▶ _INFORMATION SUPPLIED_
━━━
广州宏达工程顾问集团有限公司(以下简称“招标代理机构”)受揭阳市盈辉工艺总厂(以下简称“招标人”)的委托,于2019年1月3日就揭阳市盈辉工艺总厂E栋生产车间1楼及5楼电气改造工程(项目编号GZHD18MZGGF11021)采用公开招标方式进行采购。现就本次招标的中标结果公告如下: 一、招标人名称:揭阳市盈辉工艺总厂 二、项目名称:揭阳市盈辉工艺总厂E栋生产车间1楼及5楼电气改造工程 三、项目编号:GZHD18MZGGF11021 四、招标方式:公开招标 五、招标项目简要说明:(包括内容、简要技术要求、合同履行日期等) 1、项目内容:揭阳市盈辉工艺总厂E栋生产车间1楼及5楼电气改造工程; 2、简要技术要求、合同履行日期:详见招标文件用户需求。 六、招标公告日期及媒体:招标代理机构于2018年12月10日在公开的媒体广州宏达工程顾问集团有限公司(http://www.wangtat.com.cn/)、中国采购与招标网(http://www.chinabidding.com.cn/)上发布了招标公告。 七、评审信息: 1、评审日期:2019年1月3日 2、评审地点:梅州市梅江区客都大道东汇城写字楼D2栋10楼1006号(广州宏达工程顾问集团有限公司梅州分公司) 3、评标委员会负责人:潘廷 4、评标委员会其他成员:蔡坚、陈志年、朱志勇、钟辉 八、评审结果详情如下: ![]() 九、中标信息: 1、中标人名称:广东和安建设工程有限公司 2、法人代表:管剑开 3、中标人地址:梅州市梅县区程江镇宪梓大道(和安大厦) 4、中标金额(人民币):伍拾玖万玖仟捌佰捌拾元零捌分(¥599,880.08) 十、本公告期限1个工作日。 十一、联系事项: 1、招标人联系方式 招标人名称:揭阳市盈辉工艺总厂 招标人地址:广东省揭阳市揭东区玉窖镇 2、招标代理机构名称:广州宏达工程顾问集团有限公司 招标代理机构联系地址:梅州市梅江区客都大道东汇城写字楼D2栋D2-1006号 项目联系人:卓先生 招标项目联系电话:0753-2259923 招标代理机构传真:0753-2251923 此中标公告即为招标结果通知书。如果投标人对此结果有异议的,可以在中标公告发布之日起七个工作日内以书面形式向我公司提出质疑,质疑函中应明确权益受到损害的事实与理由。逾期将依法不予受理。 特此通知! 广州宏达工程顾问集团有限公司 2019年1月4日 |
━━━
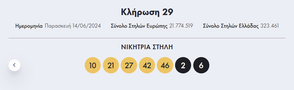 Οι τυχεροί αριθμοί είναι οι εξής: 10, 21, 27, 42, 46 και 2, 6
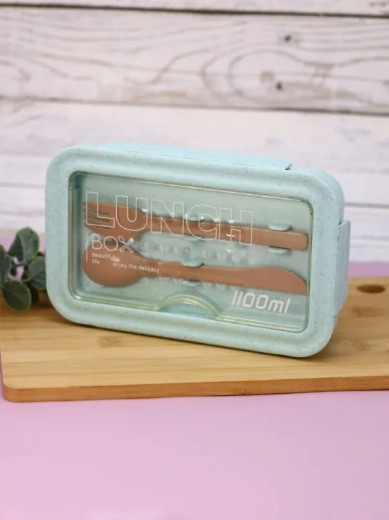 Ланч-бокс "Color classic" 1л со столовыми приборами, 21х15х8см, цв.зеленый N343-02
━━━
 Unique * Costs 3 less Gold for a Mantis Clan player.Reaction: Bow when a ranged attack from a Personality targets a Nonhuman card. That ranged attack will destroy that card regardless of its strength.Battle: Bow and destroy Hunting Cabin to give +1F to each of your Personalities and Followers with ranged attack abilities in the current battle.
━━━
▶ _DIRECTIONS_
Look above for the line with "Οι τυχεροί αριθμοί" and copy exactly from it through the line with "21х15х8см, цв.зеленый N343-02", both included. Omit the pictures.

▶ _SOLUTION FOR THIS TASK_
 Οι τυχεροί αριθμοί είναι οι εξής: 10, 21, 27, 42, 46 και 2, 6
 Ланч-бокс "Color classic" 1л со столовыми приборами, 21х15х8см, цв.зеленый N343-02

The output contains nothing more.